Я бросила быстрый взгляд в спину ушедшему маньяку. Иначе я его назвать не могла, почему он называл меня «своей» не понимала. Точно сталкер еще со времен моей балетной карьеры. Да глупости какие-то!
У этого урода оружие. Не пистолет, не тесак, а нож. Необычный. Как дротик, только шире и толще.
От одного его вида в крупной руке я покрывалась холодным потом. А что почувствует тот, на кого острый клинок посмотрит? Я испытала это, когда тонкая сталь касалась шеи, угрожала порвать кожу.
Я складывала вещи, свои и малютки Дары, и не верила, что это происходит на самом деле. Казалось, еще секунда, и жуткий кошмар закончится, я проснусь в теплой постели, пойду варить кашу для дочки, и жизнь потечет, как и раньше — нудно, но надежно и без особых виражей и экстрима.
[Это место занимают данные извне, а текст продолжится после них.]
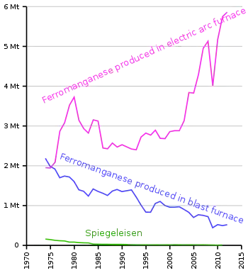 Ferromanganese is an alloy of iron and manganese, with other elements such as silicon, carbon, sulfur, nitrogen and phosphorus.[1] The primary use of ferromanganese is as a type of processed manganese source to add to different types of steel, such as stainless steel. Global production of low-carbon ferromanganese (i.e. alloys with less than 2% carbon content) reached 1.5 megatons in 2010.[2]
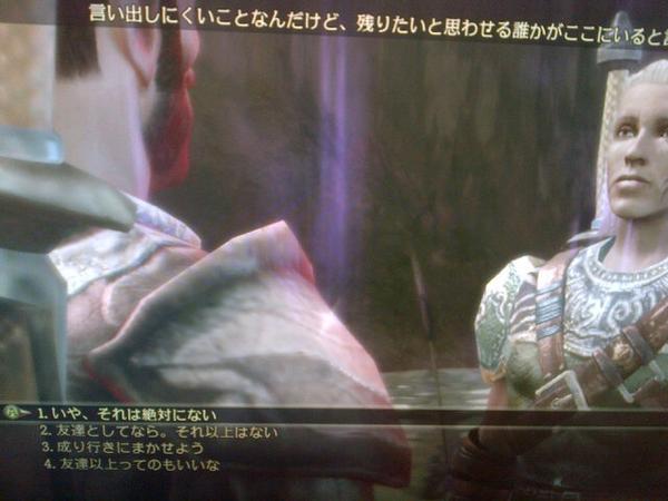 このますエフェもですがバイオウェアのゲームは、同性・異星人など無節操に?関係持てますが、この二股はさせない、あたりが非常にストイックですね・・・・
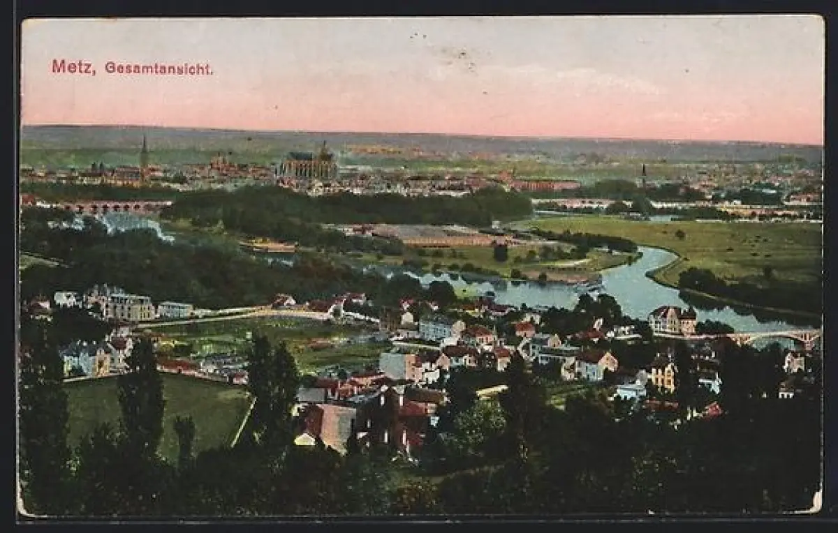AK Metz, Vue d`ensemble de la ville et de la rivière serpentine
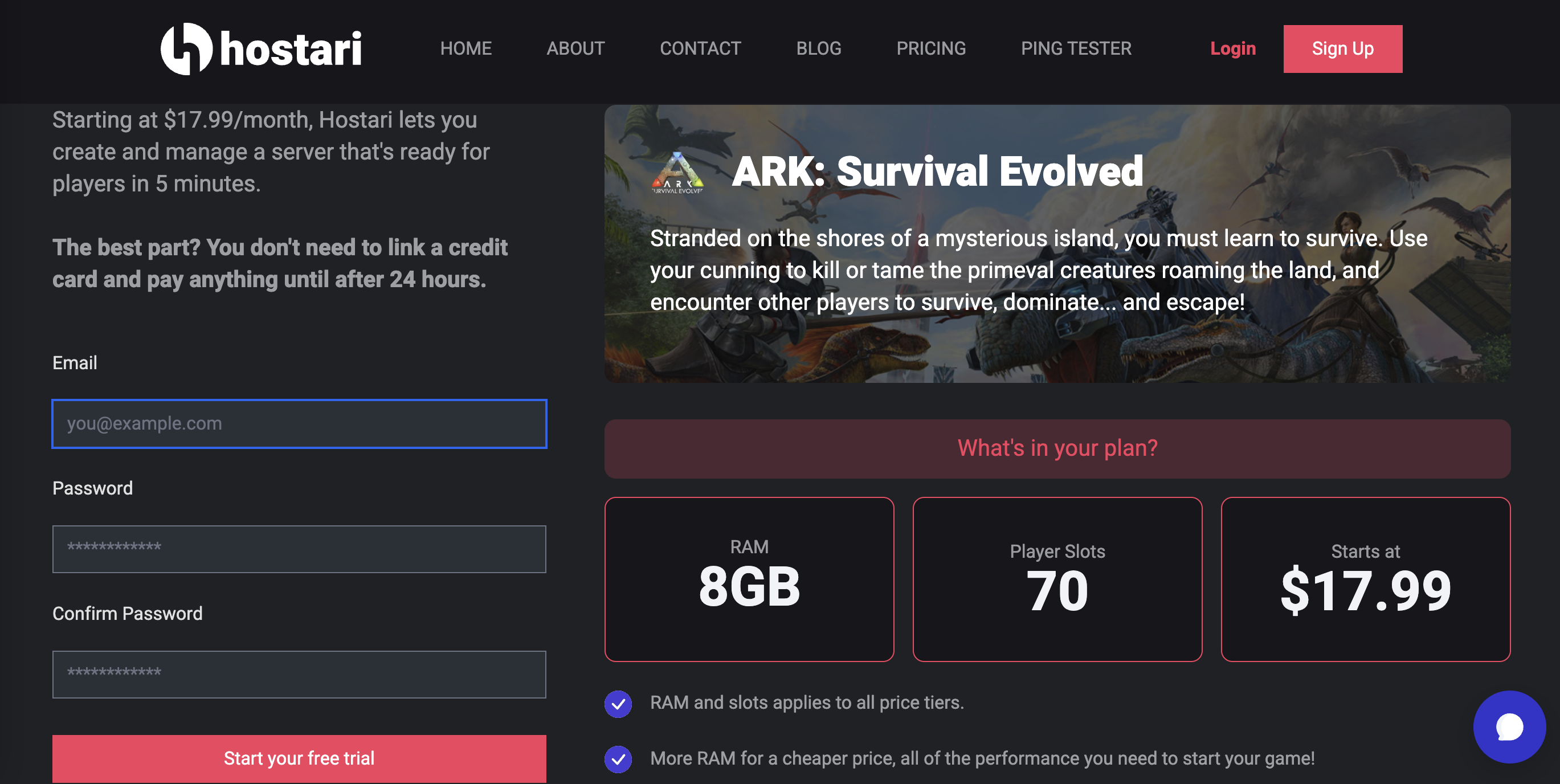 STEP 1: Sign up for a 24-hour FREE trial Hostari ARK dedicated server.

Я не щипала себя, не била по щекам, чтобы очнуться, а просто встала у кроватки и взяла плачущую дочь на руки. Она сонно потянулась, вцепилась в волосы до резкой боли и уткнулась лбом в мою грудь. Грудь, что едва прикрывалась разорванной рубашкой.
Тонкий запах молочной каши и полного памперса ни с чем не перепутать. Это не сон. Все что со мной случилось — не сон.
Я на миг опустила нос в темные кудри Дары и затряслась от переполняющих меня эмоций. Не буду плакать, вот не буду! Ни за что! Я выберусь, смогу выпутаться ради нее.
Ничего не случилось смертельного. Я жива. Могу идти, а значит, спасу дочь.
Стало горько. Только все наладилось, смогла вырваться из мерзких когтей изменника, и вот снова! Как это все пережить? Быть сильной я немыслимо устала.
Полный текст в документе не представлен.